_Work to complete_:
Write out, without any change, the lines in the material below that run from the line with "南国らしい大きな葉っぱのかげで、ぎゅっとくっつくおふたり。" through the line with "A Warrior 2100", both included.

_Available data_:
* * * * *
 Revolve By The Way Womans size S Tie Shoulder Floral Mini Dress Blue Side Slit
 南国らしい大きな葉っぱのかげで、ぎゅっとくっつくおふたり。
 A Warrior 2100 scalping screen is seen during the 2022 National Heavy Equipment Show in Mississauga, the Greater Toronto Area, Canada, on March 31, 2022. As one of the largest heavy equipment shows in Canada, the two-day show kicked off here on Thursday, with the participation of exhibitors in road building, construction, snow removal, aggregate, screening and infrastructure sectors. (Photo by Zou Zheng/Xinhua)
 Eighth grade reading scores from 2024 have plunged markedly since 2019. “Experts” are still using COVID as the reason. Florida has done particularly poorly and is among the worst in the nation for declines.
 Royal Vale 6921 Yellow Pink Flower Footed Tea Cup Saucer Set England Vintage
* * * * *
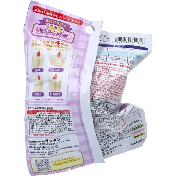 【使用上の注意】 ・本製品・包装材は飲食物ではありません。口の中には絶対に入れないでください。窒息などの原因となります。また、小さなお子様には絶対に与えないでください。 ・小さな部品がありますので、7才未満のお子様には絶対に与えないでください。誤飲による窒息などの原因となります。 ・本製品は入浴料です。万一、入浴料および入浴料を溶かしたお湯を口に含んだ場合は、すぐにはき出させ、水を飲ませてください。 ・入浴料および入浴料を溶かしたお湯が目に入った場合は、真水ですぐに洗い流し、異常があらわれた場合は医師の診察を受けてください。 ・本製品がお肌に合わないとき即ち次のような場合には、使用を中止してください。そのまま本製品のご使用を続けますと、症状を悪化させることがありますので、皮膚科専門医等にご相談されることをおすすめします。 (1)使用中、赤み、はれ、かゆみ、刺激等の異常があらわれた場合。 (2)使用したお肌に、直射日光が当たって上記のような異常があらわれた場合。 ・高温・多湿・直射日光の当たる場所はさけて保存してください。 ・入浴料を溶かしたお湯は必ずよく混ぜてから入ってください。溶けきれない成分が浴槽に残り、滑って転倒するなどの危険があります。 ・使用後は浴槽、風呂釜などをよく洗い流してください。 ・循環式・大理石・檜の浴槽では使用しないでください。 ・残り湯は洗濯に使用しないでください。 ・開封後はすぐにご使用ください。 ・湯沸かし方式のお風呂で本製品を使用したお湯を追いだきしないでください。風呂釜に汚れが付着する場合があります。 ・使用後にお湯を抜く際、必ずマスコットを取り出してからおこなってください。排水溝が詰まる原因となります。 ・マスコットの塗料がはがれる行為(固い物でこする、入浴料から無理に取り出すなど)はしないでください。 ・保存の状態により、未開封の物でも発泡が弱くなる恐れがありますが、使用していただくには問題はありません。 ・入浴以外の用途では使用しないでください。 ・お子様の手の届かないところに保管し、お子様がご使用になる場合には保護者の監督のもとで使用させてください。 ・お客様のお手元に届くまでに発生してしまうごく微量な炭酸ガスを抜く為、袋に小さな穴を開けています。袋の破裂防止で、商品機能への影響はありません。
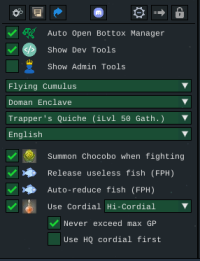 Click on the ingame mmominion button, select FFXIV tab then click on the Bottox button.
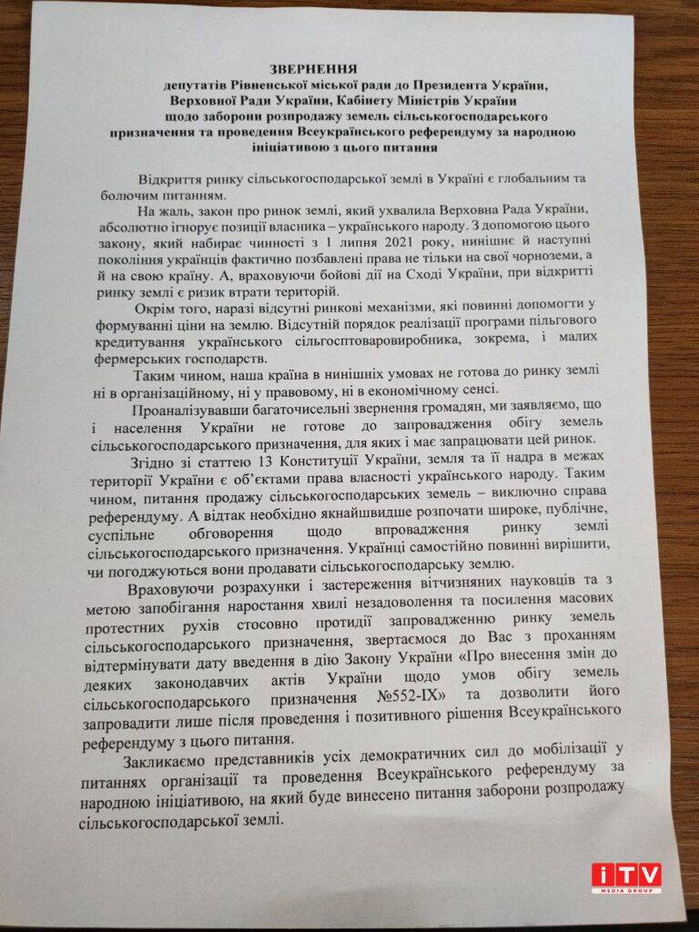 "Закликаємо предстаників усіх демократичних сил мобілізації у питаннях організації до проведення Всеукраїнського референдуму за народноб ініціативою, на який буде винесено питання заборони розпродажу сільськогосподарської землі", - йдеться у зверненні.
* * * * *
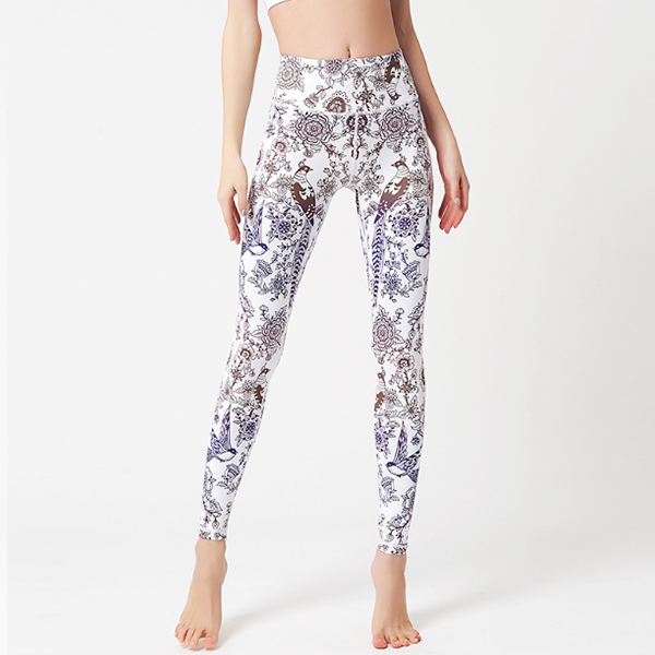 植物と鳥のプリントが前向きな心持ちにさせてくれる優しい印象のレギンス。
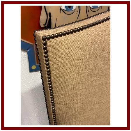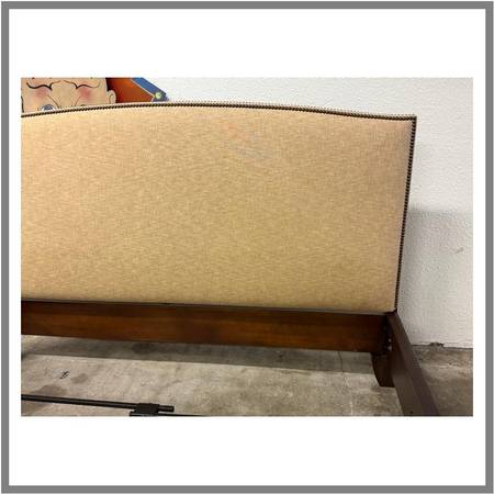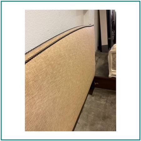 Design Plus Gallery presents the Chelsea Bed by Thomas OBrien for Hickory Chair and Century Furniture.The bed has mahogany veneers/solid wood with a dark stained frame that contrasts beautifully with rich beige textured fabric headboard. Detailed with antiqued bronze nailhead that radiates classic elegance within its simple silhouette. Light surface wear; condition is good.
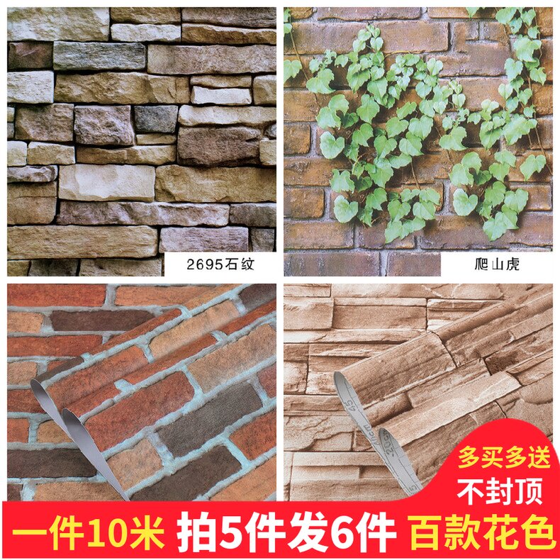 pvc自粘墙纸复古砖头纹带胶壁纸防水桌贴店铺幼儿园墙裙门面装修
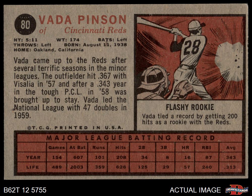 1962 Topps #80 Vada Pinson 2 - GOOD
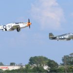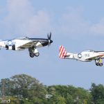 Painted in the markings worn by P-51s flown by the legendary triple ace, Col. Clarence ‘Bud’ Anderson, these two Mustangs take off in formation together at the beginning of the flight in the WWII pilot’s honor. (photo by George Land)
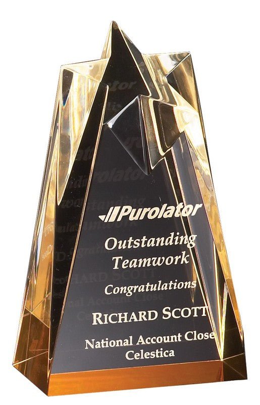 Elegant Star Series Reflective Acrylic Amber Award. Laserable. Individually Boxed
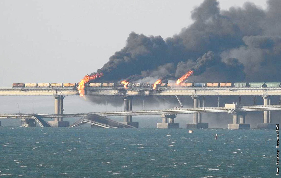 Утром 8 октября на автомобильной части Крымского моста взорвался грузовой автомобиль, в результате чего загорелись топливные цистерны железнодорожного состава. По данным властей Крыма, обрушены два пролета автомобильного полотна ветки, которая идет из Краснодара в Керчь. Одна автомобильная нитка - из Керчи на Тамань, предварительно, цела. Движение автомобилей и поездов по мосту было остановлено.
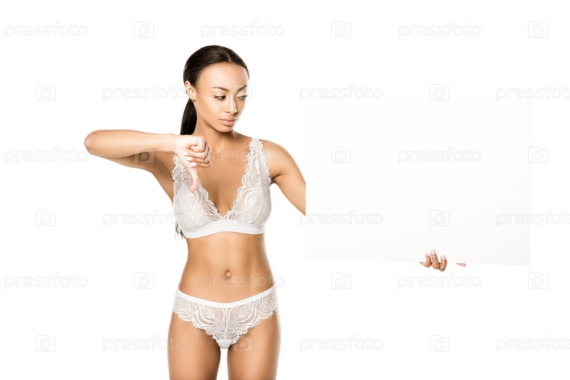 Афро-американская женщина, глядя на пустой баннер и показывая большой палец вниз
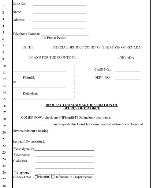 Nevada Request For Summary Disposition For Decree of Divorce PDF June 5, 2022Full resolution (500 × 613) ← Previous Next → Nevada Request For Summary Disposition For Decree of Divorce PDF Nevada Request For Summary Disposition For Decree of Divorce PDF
* * * * *
_Output for this task_:
 南国らしい大きな葉っぱのかげで、ぎゅっとくっつくおふたり。
 A Warrior 2100 scalping screen is seen during the 2022 National Heavy Equipment Show in Mississauga, the Greater Toronto Area, Canada, on March 31, 2022. As one of the largest heavy equipment shows in Canada, the two-day show kicked off here on Thursday, with the participation of exhibitors in road building, construction, snow removal, aggregate, screening and infrastructure sectors. (Photo by Zou Zheng/Xinhua)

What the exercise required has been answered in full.